For foreign companies interested in operating in the EU, it is important to know when a structure is regarded as a fixed establishment (FE) for VAT purposes.
In this respect, Advocate General Kokott’s preliminary findings in case C-547/18, on whether or not a subsidiary constitutes a FE, are particularly relevant. The events that prompted the preliminary ruling concern a Korean company which, as the parent company of a subsidiary in Poland, commissioned services from a Polish company. The fact that this commission was carried out through the subsidiary gave rise to a dispute over whether the services were actually supplied to the parent or the subsidiary. In the end, the Polish entity issued invoices without VAT to its Korean client. The Polish authorities considered that by “exploiting the economic potential” of its subsidiary, the parent company had created a FE in Poland, and so they levied the corresponding VAT. They also considered that the service provider should have checked and discovered that the actual beneficiary of the services was the subsidiary.
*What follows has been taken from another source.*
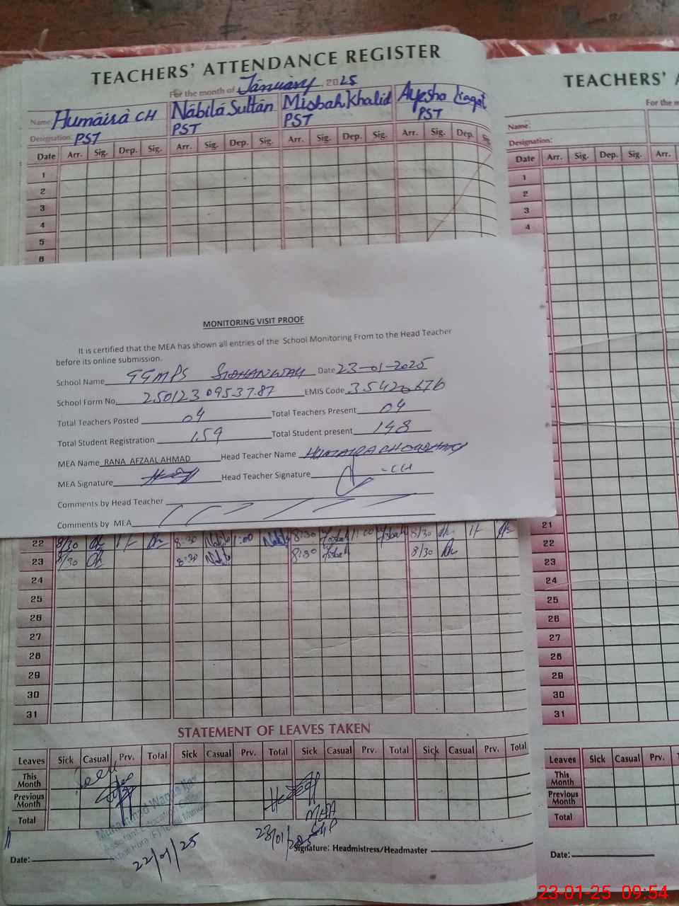 | Attendance Register | Head Teacher | MEA with School | Visit Proof |

The Court of Justice of the European Union (CJEU) is yet to rule on this matter. For her part, the AG maintains that the fact that a parent company from a third country has a subsidiary in a Member State does not necessarily mean that the subsidiary constitutes a FE of the parent, since it is a taxable person with its own legal personality. In this case, they do not belong to the same group for VAT purposes either, as they are located in different countries. Furthermore, a reverse charge procedure would be unusual, since the parent company need not be fully aware of another legal person’s transactions, even if the latter is a subsidiary.
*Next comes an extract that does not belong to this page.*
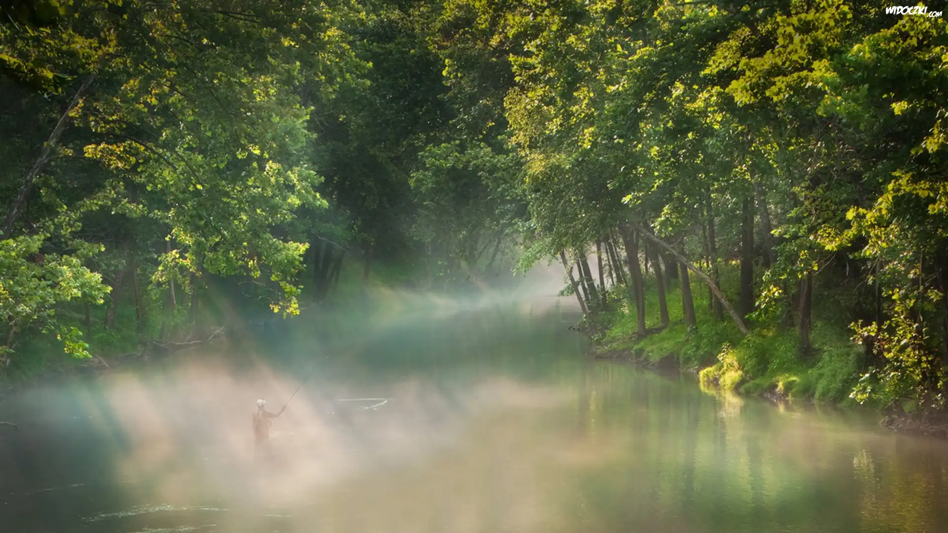 Zdjęcia, Rzeka, Wędkarz, Poranna, Mgła, Drzewa

A different conclusion could be reached if the prohibition of abusive practices was infringed [1]. However, this possibility has been ruled out, since the Korean company commissioned the Polish company directly, rather than, for example, through its subsidiary.
Finally, the AG points out that the legislation does not stipulate what checks the provider must carry out in order to ascertain whether a subsidiary constitutes a FE. She adds that the provider is not obliged to investigate the relationship between the parent company and its subsidiaries to a level exceeding the requirements of reasonable due diligence.
While we await the CJEU’s ruling, it is worth remembering the Spanish Supreme Court’s judgment 509/2018, of 23 March 2018, on a similar issue, which contained arguments comparable to those set out here
[1] CJEU Case C-255/02, 21.02.2006, Halifax.